**WHAT TO DO**
Give the listing below again exactly, but without any of its pictures.

*** RAW DATA Section Begins ***

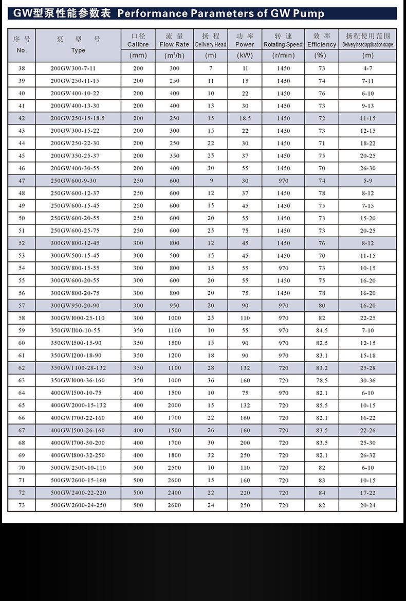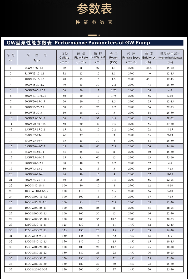 GW型管道式無堵塞排污泵是在引進國外先進技術(shù)的基礎(chǔ)上,結(jié)合國內(nèi)水泵的使用特點而研制成功的新一代泵類產(chǎn)品,具有節(jié)能效果顯著、防纏繞、無堵塞、自動安裝和自動控制等特點。在排送固體顆粒和長纖維垃圾方面,具有獨特效果。該系列排污泵采用獨特葉輪結(jié)構(gòu)和新型機械密封,能有效地輸送含有固體物和長纖維。葉輪與傳統(tǒng)葉輪相比,該泵葉輪采用單流道或雙流道形式,它類似于一截面大小相同的彎管,具有非常好的過流性,配以合理的蝸室,使得該泵具有效率高、葉輪經(jīng)動靜平衡試驗,污水提升泵使泵在運行中無振動。
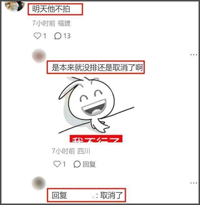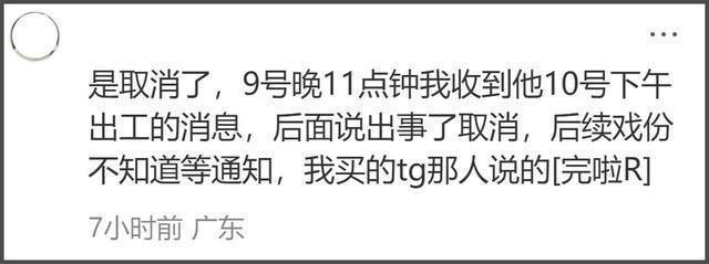 而剧方似乎也反应迅速,不止一个网友爆料田栩宁最新一天的通告被取消了。还有粉丝透露本来定的是10号下午有他的拍摄戏份,但前一天晚上又临时通知“出事了”取消,后续的戏份不确定只能等通知。
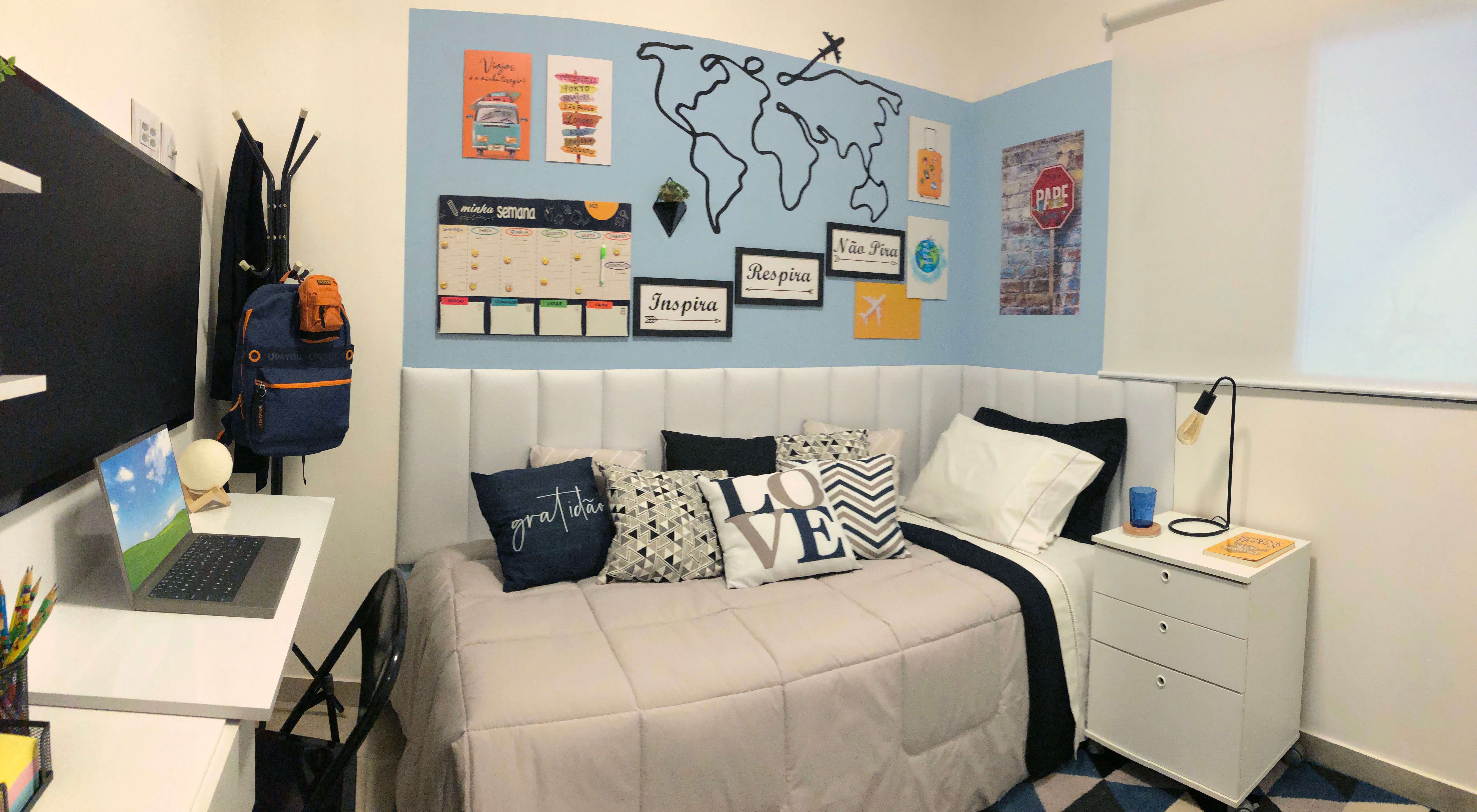 A parede azul divide o ambiente de forma equilibrada e serve de fundo para o painel criativo de quadros e mapas, que traz leveza e um toque de sonho, perfeito para adolescentes ou jovens adultos.
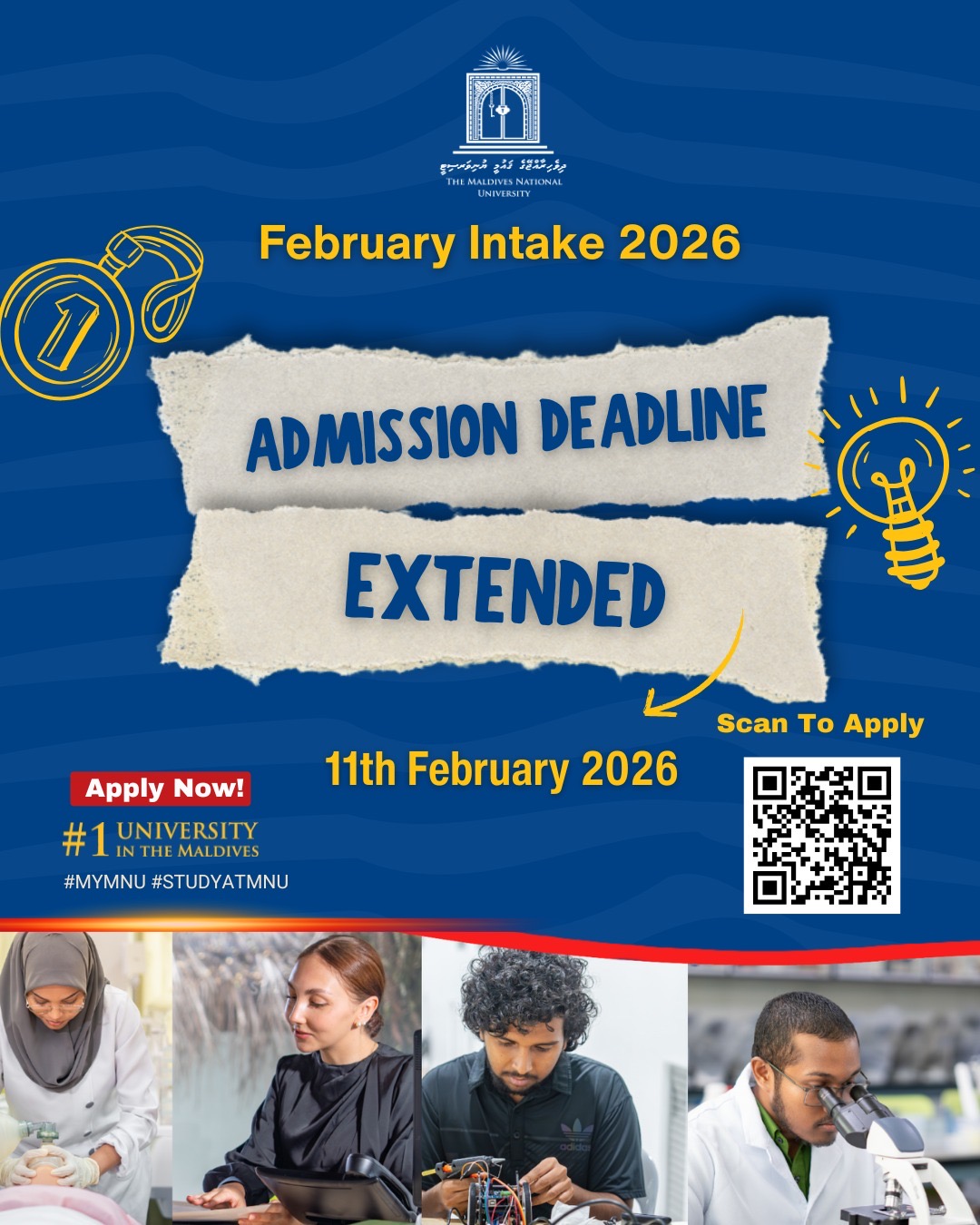 ދިވެހިރާއްޖޭގެ ޤައުމީ ޔުނިވަރސިޓީ (އެމްއެންޔޫ) އިން 2026 ވަނަ އަހަރުގެ ފެބްރުވަރީ މަހު ފެށުމަށް ހަމަޖެހިފައިވާ ކޯސްތަކުގެ ތެރެއިން ޖާގަ ހުރި ކޯސްތަކަށް ފޯމު ހުށަހެޅުމުގެ މުއްދަތު އިތުރުކޮށްފި އެވެ.

*** RAW DATA Section Ends ***

**WRITTEN RESPONSE**
 GW型管道式無堵塞排污泵是在引進國外先進技術(shù)的基礎(chǔ)上,結(jié)合國內(nèi)水泵的使用特點而研制成功的新一代泵類產(chǎn)品,具有節(jié)能效果顯著、防纏繞、無堵塞、自動安裝和自動控制等特點。在排送固體顆粒和長纖維垃圾方面,具有獨特效果。該系列排污泵采用獨特葉輪結(jié)構(gòu)和新型機械密封,能有效地輸送含有固體物和長纖維。葉輪與傳統(tǒng)葉輪相比,該泵葉輪采用單流道或雙流道形式,它類似于一截面大小相同的彎管,具有非常好的過流性,配以合理的蝸室,使得該泵具有效率高、葉輪經(jīng)動靜平衡試驗,污水提升泵使泵在運行中無振動。
 而剧方似乎也反应迅速,不止一个网友爆料田栩宁最新一天的通告被取消了。还有粉丝透露本来定的是10号下午有他的拍摄戏份,但前一天晚上又临时通知“出事了”取消,后续的戏份不确定只能等通知。
 A parede azul divide o ambiente de forma equilibrada e serve de fundo para o painel criativo de quadros e mapas, que traz leveza e um toque de sonho, perfeito para adolescentes ou jovens adultos.
 ދިވެހިރާއްޖޭގެ ޤައުމީ ޔުނިވަރސިޓީ (އެމްއެންޔޫ) އިން 2026 ވަނަ އަހަރުގެ ފެބްރުވަރީ މަހު ފެށުމަށް ހަމަޖެހިފައިވާ ކޯސްތަކުގެ ތެރެއިން ޖާގަ ހުރި ކޯސްތަކަށް ފޯމު ހުށަހެޅުމުގެ މުއްދަތު އިތުރުކޮށްފި އެވެ.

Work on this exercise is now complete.